Estoy en el mismísimo circuito de la Sarthe, en Le Mans, y recorro por un costado el circuito Bugatti, que es la pista formal de carreras que no toca los caminos rurales. Llegué hasta una de las zonas que menos han cambiado en el legendario circuito, las “eses” de la Capilla y La Foret.

Una zona rapidísima donde me han dicho que Pedro Rodríguez era notable especialista porque no levantaba jamás el acelerador, sino que lo dosificaba progresivamente. Curvas que en su época, a bordo del Ford GT40, o más tarde con los Porsches 917 tomaba por encima de los 260 kilómetros por hora.

Le Mans es una de esas pocas pistas que logran intimidar a los pilotos. Hace algunos años descubrí su efecto con toda crudeza, con toda la verdad, cuando pude asistir a la sala de la junta de pilotos.

Ver a los hombres que saldrán a jugársela de día y de noche, palidecer ante las instrucciones de seguridad, ante los repasos de procedimientos en cada zona del circuito, observar rostros blanquecinos y labios secos después de ver algunos videos de encontronazos contra las barreras de la curva Porsche que dejan tobillos y clavículas fracturadas. No. No es cosa sencilla.

Ellos saben, Le Mans es la pista que menos perdona. No hay golpe pequeño.

Avanzando en un recorrido a bordo del trenecito de los turistas, llegamos a Tertre Rouge, la curva que da entrada a la larguísima recta de Hunaudrieres. Tertre Rouge es una curva derecha, dividida en dos segmentos por lo que es traicionera. Hubo muertes ahí por su devastadora cercanía a un macizo de árboles, que no combina nada bien con coches descontrolados.

La recta es impresionante. Cuatro kilómetros de pisar a fondo y esperar un rato a que se acerquen las chicanas que decidieron poner para frenar las velocidades descomunales que los Porsches 917 generaron, el que más fue el Porsche Gulf de Pedro Rodríguez que rompió la barrera de los 400 kilómetros por hora.

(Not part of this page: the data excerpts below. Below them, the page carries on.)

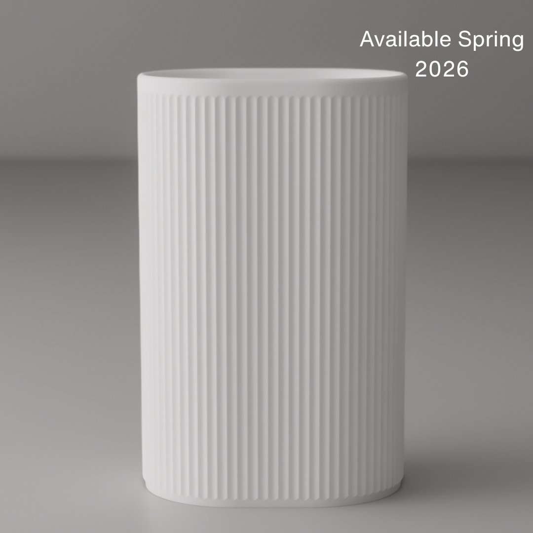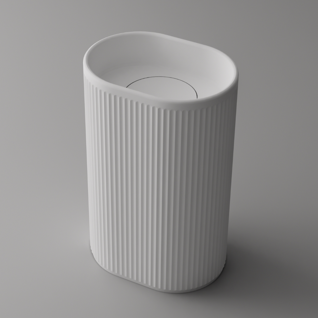 With its softly contoured oval form and continuous vertical fluting, this pedestal basin introduces a refined architectural rhythm to the bathroom. Designed for compact spaces or as a statement piece in larger settings, its sculptural silhouette adds both texture and visual depth while maintaining a sense of understated elegance.
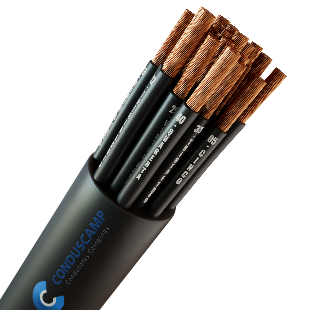 O cabo é produzido 100% com cobre eletrolítico nu. Sendo o condutor formado por fios, com uma classe de encordoamento 5 (flexível).
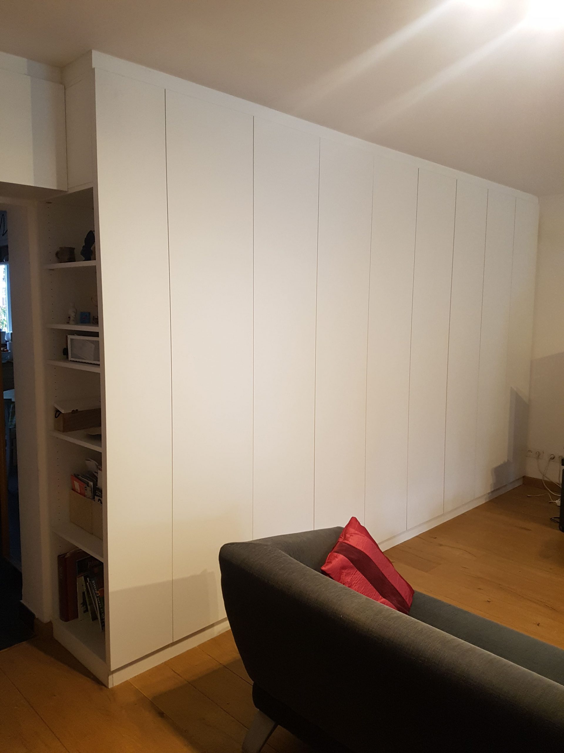 Nous avons conçu un aménagement d’un placard sur mesure dans un salon.
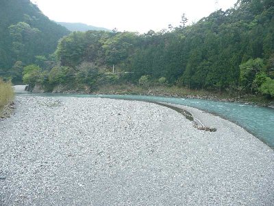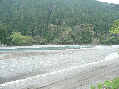 下社前の橋から上流方面 オートキャンプ場の川原 |
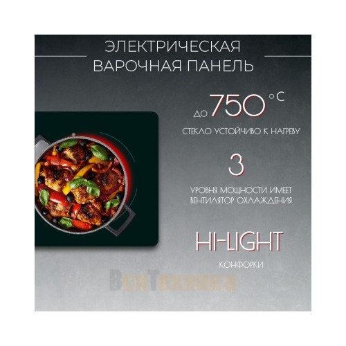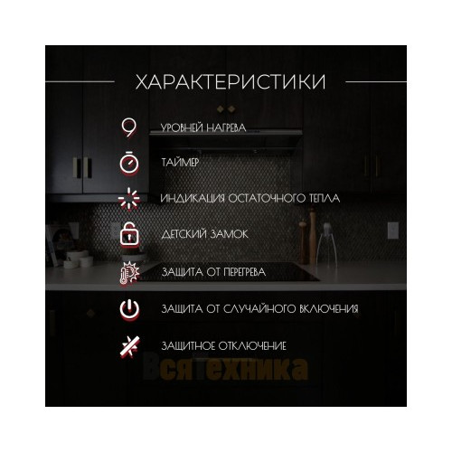 | Преимущества | Сенсорное управление,Детский замок,9 уровней нагрева,Таймер 99 минут,Индикация остаточного тепла,Защитное отключение |

Sí, es una cosa de locos. Porque al llegar a esos extremos también hay que frenar y confiar en que la mecánica haga trabajar bien a los discos y las pastillas en la curva del poblado de Mulsanne, y después entrar a la parte más técnica y descarnada del circuito.

En pleno camino rural, sin acotamiento o división posible entre el asfalto y la hierba empieza un auténtico tobogán que pasa por las curvas más legendarias como Indianápolis, Arnage, Porsche, Maison Blanche, sin que el ancho de la piste supere los 12 o 14 metros.

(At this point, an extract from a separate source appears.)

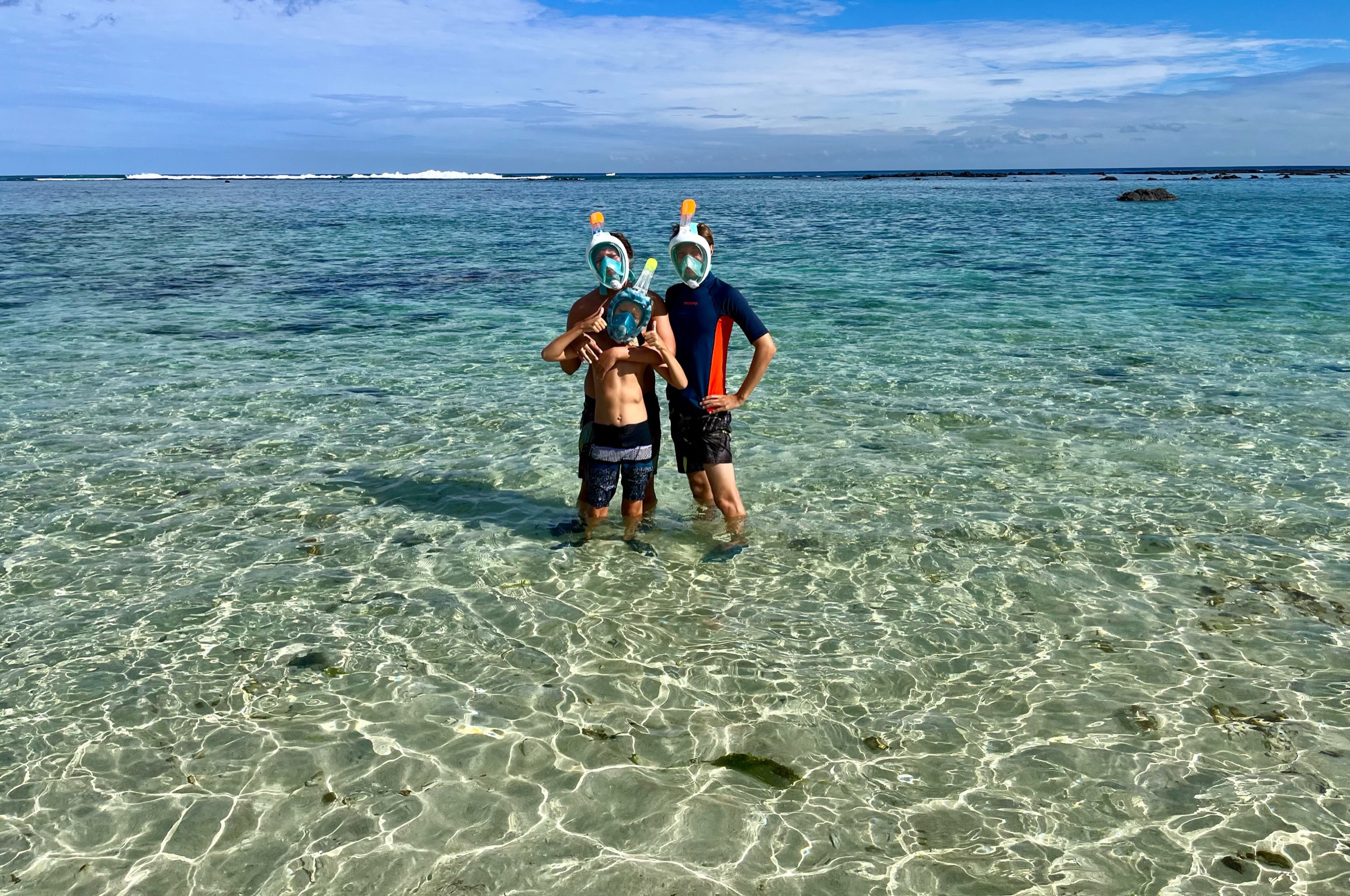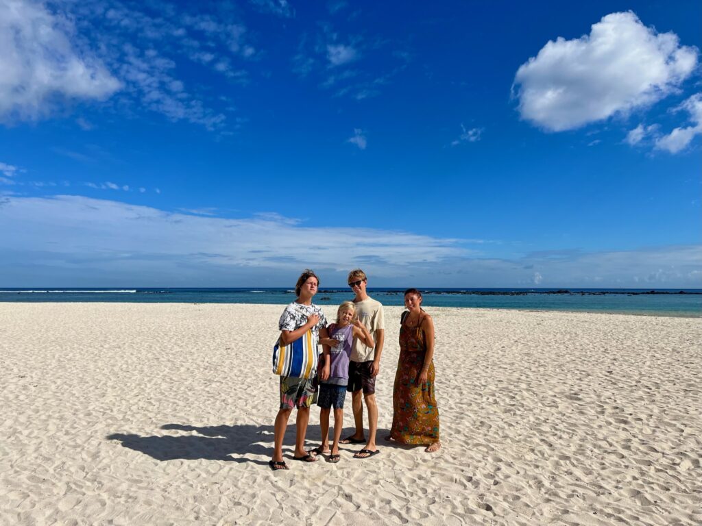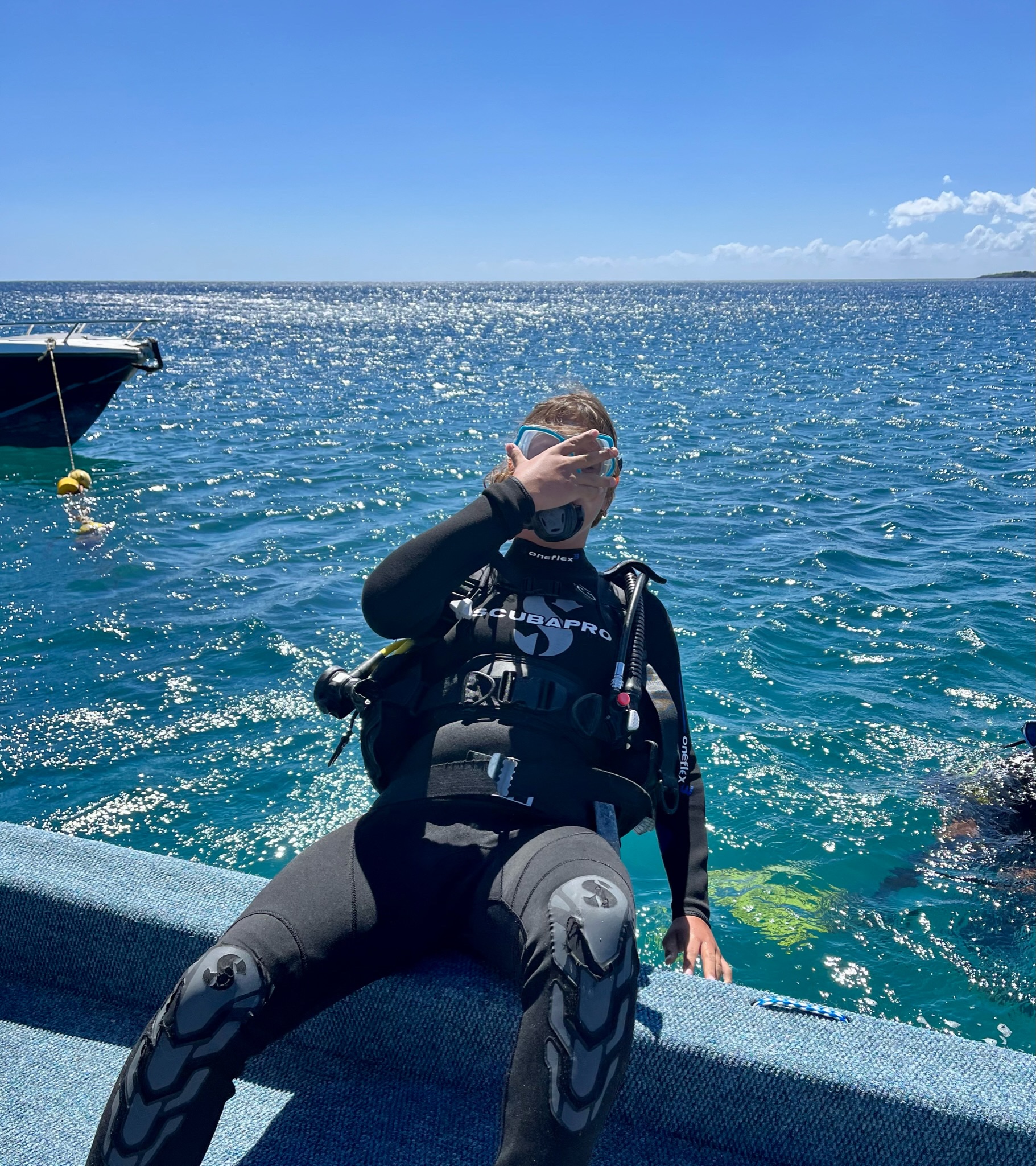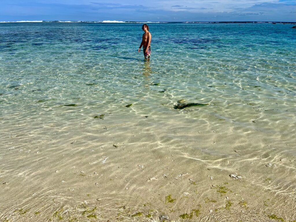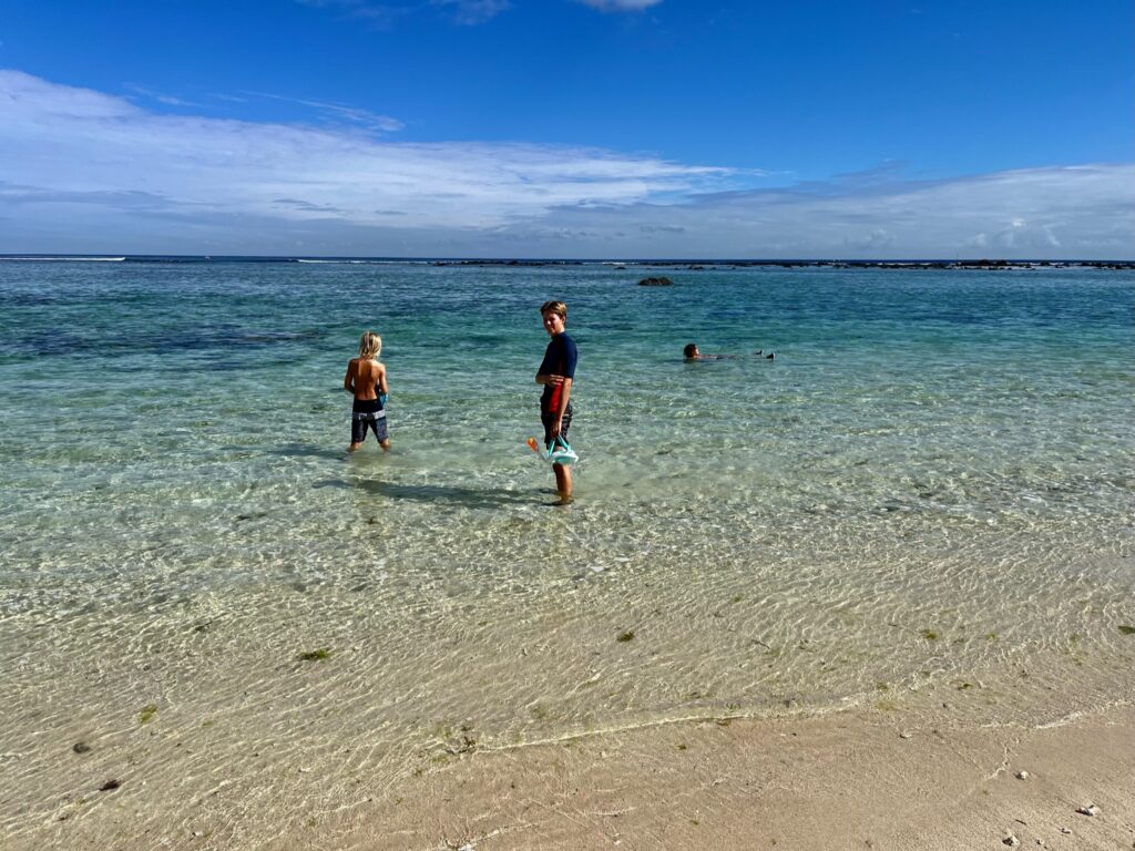 Le premier jour, nous voilà donc partis pour découvrir les fonds marins mauriciens. Teva, Maleï et moi en baptême, Tao pour le début de ses cours théoriques et pratiques. Manque de chance, à peine arrivé à un mètre sous l’eau, Tao a très mal à une oreille. Il remonte, redescend… rien à faire, ça ne passe pas. Contrecoup de l’avion ? Tympan fragilisé par les semaines de baignade et de vent en Corse ? On ne saura pas, mais il doit abandonner. Même les jours suivants, ça ne s’arrange pas… il est obligé d’abandonner, déçu…

Manejar ahí de noche a 300 kilómetros por hora es un acto de fe, no se siente nada si pierdes el pavimento y tocas el pasto húmedo a los costados, sino hasta que pega el auto contra la barrera y tu cabeza rebota varias veces dentro de la cabina. Es imposible detectar la falla y componerla. La única opción es evitarla.

El triunfo de Pedro en aquel año cumple 50, tras esta que ha sido otra épica carrera de Le Mans, y sigue sin tener un punto de comparación por su valor épico y deportivo. Le Mans decidió hacer a Pedro, el más grande.